Consumer Prices Fall in March on Energy Costs

The Labor Department reported that its closely watched Consumer Price Index fell 0.1 percent, after increasing 0.4 percent in February. Over the past 12 months, consumer prices have fallen 0.4 percent, the first 12-month decline since a similar drop for the year ending in August 1955.

The report said last month’s drop in consumer prices was due in large part to a downturn in the energy index, which declined 3.0 percent in March after rising 3.3 percent the previous month. Gasoline prices fell 4 percent last month, home heating oil plunged 8.5 percent and natural gas slid 4.8 percent.

The food index declined 0.1 percent for the second straight month to virtually the same level as October 2008.
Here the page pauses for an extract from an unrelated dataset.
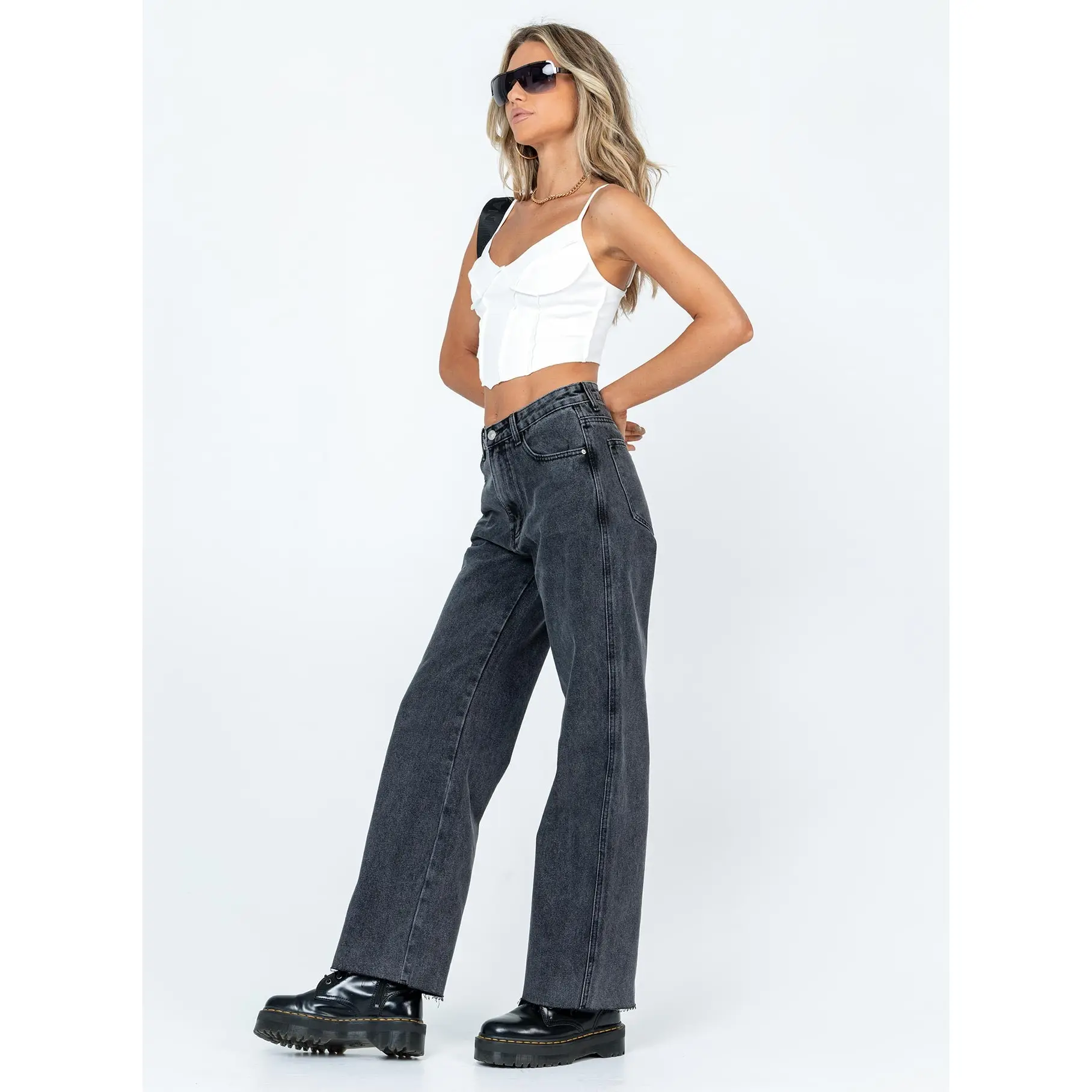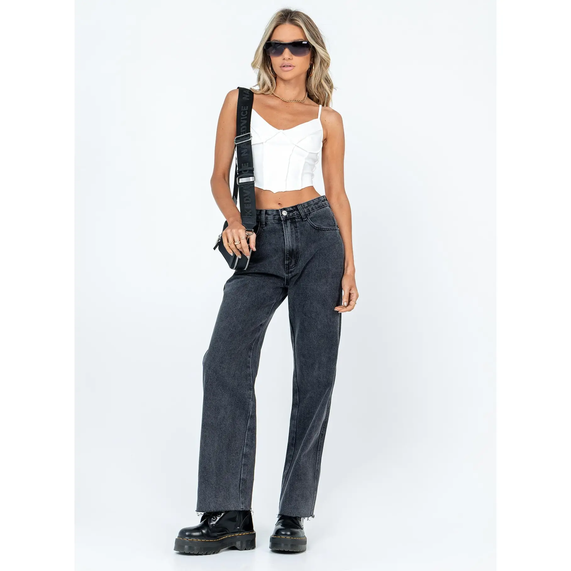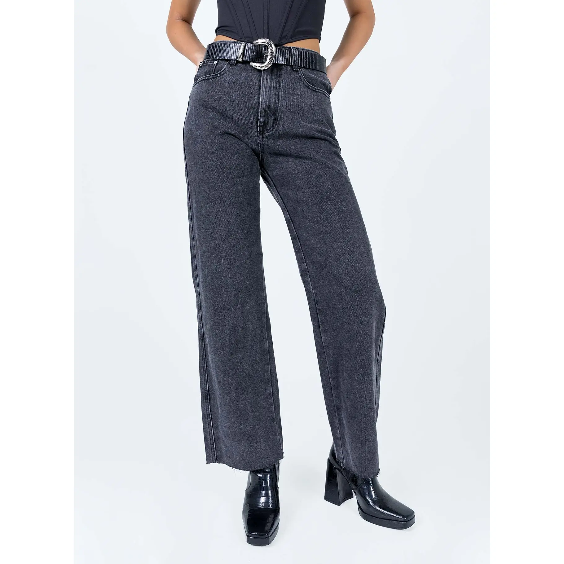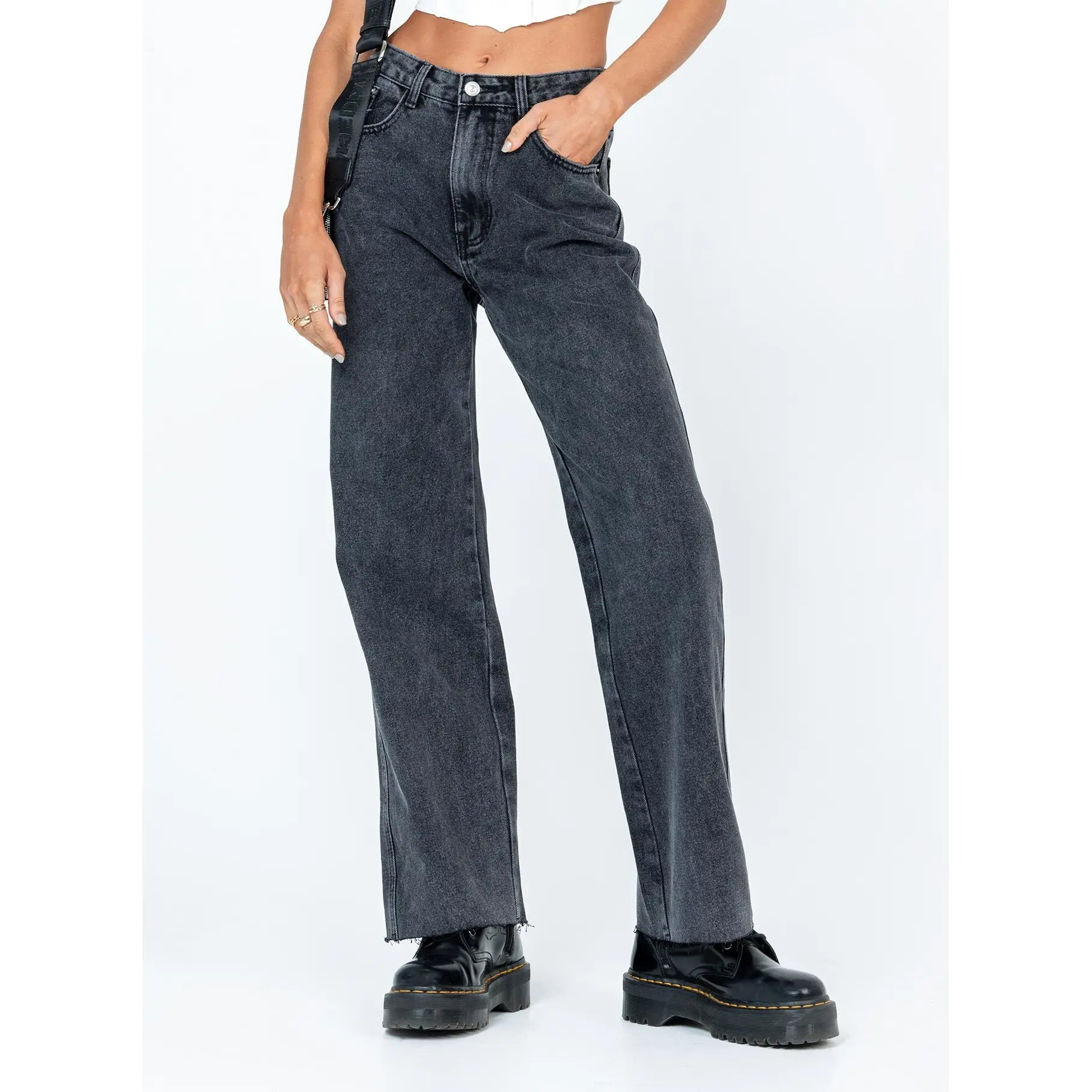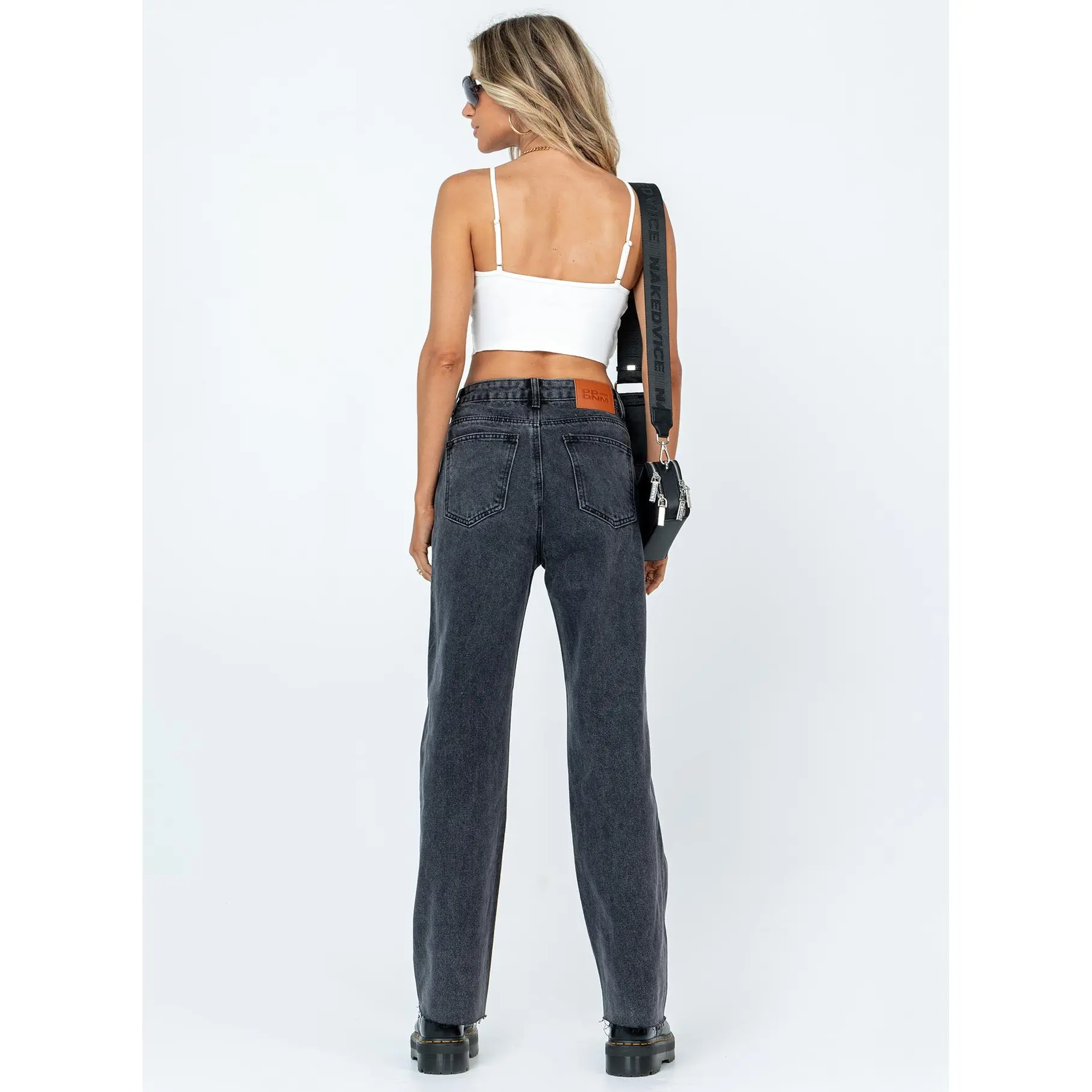 ·Belt looped waist, button & zip closure, five pockets, raw cut hem, branded patch at back

Core inflation, which excludes energy and food, rose 0.2 percent last month, matching the gains of the past three months. It was slightly higher than the 0.1 percent rise economists expected, according to the Associated Press.

More than half of the increase in costs outside of food and energy came from an 11 percent rise in tobacco prices, the report said.

“The numbers speak to an economy that is in deep recession, but we’re no longer in the shock mode of staggering numbers that speak to a serious slide lower in terms of macroeconomic activity, coupled with the threat of inflation,” Peter Kenny, managing director at Knight Equity Markets in Jersey City, N.J., told Reuters.

Policymakers had expressed repeated concern in early 2008 that rising energy costs could fuel a surge in inflation, but as the economic crisis deepened, analysts began to focus on fears of deflation, when prices fall too quickly amid an economic downturn.

The Federal Reserve has taken drastic measures to help boost the economy, including the deep slashing of interest rates and pumping more than $1 trillion additional dollars into the economy, including $750 billion to purchase mortgage-backed securities and as much as $300 billion in long-term government bonds.

Still, many worry the risk of inflation looms, as the entities like the Fed continues to pump money into the anemic financial system.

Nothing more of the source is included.